If possible, please make a pull request fixing the issue you have described, along with corresponding tests. All pull requests are promptly reviewed by the Laravel team.

Thank you!

driesvints commented 1 year ago

And keep in mind the second error regarding the DB constraint on unique jobs and multiple fails (If you want i can prepare a ticket for it separate) Or you say it is not a bug and i have misunderstood the documentation for unique jobs?

Maybe that's something for the docs?

andrej-schaefer commented 1 year ago

I mean, when creating unique jobs through ShouldBeUnique interface it means it is unique for the current execution, that multiple workers are not picking a job with the same jobId in parallel? If so then if the same job with the same jobId fails multiple times (f.e. first run fail, second run succeed, third run fail again) it will result in a unqie constraint error I think it is solvable by using the WithoutOverlapping middleware due to this not effect the jobID. As I said, maybe i misunderstand the ShouldBeUnique interface, but even then it is a bug (I think :) )

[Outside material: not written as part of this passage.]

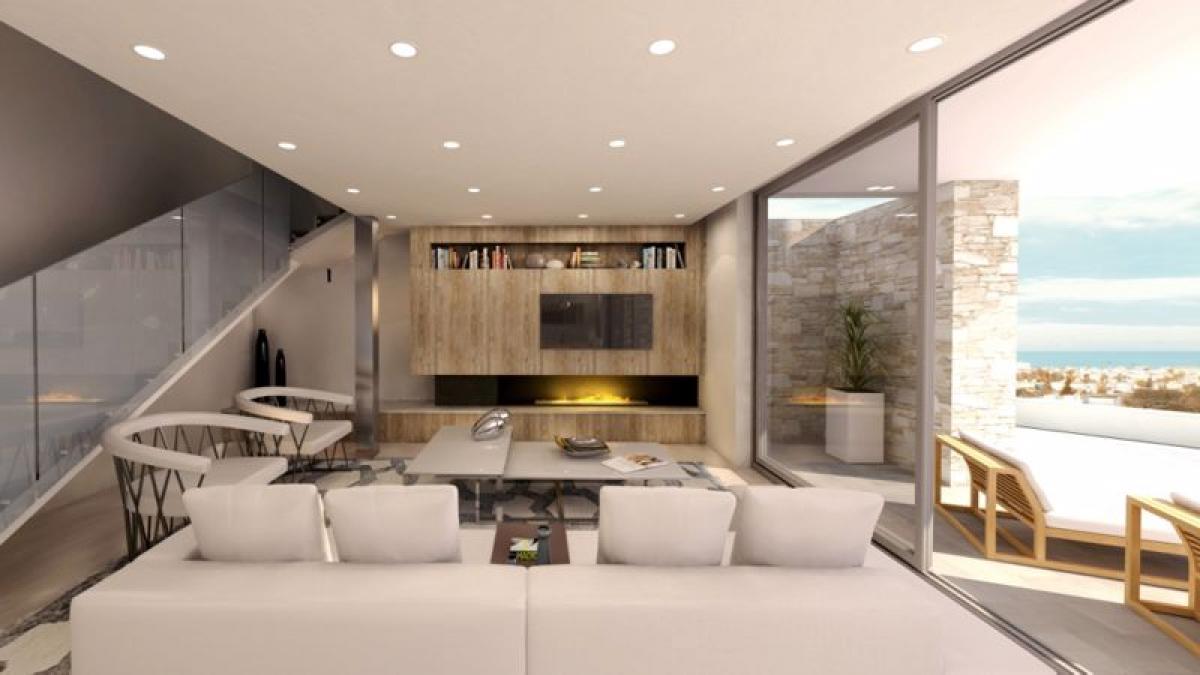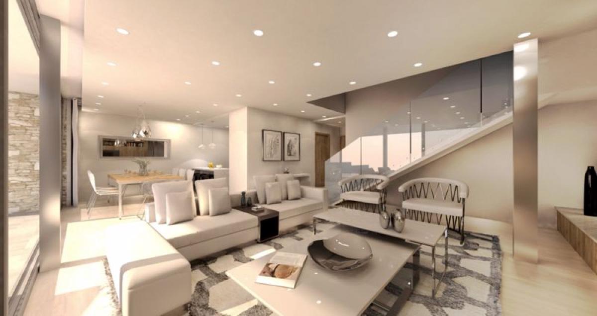 Enter through a large garden into an spacious great room, complete with kitchen island, breakfast bar, dining area, and living room. Large, sliding glass doors open on two sides to a poolside patio, perfect for alfresco dining and relaxation. The infinity swimming pool is 10 m by 3.5 m and has a beautiful view of the garden and area. Upstairs are three large bedrooms, one with an en-suite bathroom and two sharing a family bath. Each have built-in storage and access to a private balcony overlooking the beautiful surrounding countryside. Upstairs a bit further is a large roof garden with panoramic sea views.

Huggyduggy commented 1 year ago

@tillkruss : Would this be something relay.so, being the successor of phpredis, would/could handle differently?

Besides, I'd guess there's quite a connection to https://github.com/laravel/framework/pull/40569 & https://github.com/laravel/framework/pull/41718 , which sadly wasn't tackled back than.

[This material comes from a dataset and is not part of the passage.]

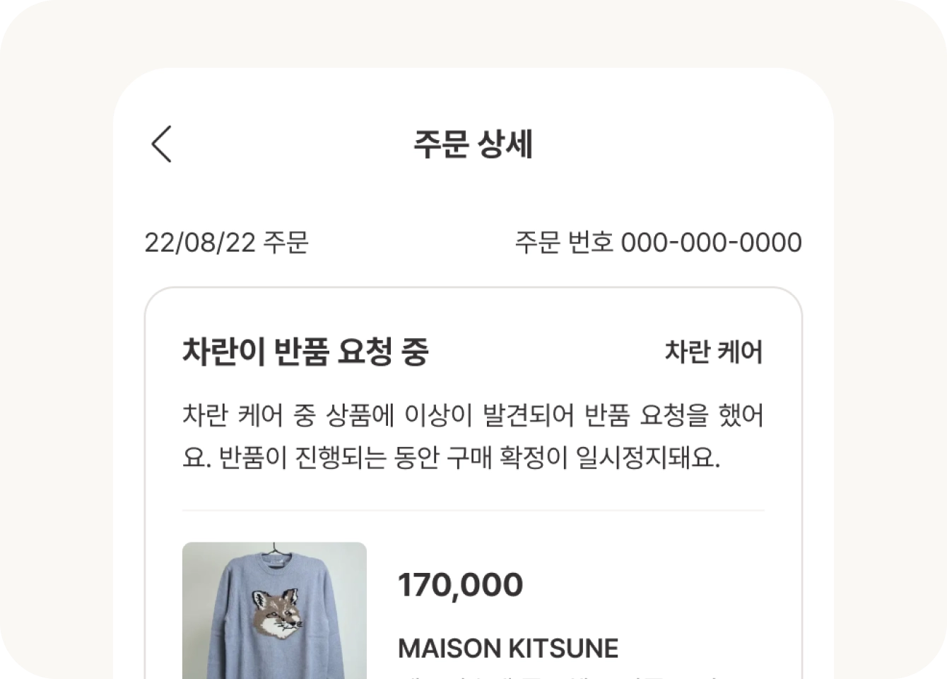 차란케어/프리미엄 차란케어 상품은 검수 과정에서 상품 설명에 표시되지 않은 오염·하자가 확인되면, 차란이 반품을 요청할 수 있어요. 이 경우 판매자가 승인/거절을 선택할 수 없어요.

tillkruss commented 1 year ago

@Huggyduggy: Theoretically, yes. But I think it's much better to unset any compression/serializer on the queue Redis connection, that will solve it and it's hard to do, just needs a PR?

Huggyduggy commented 1 year ago

Thanks @tillkruss - I've drafted a PR, fixing the same issue as reported by @andrej-schaefer. I'll submit it against the current 10.x branch tomorrow.

Sad that it's prohibiting using compression within queues, guess we'll stick to manually compressing our larger objects within our event listeners & jobs prior to dispatching 😌

jameshulse commented 1 year ago

Can somebody advise whether this issue would also affect Laravel Horizon. I can't reproduce the issue from a quick test.

driesvints commented 1 year ago

Looks like Taylor noted he'd appreciate a note being added to the docs: https://github.com/laravel/framework/pull/48180#issuecomment-1699685697.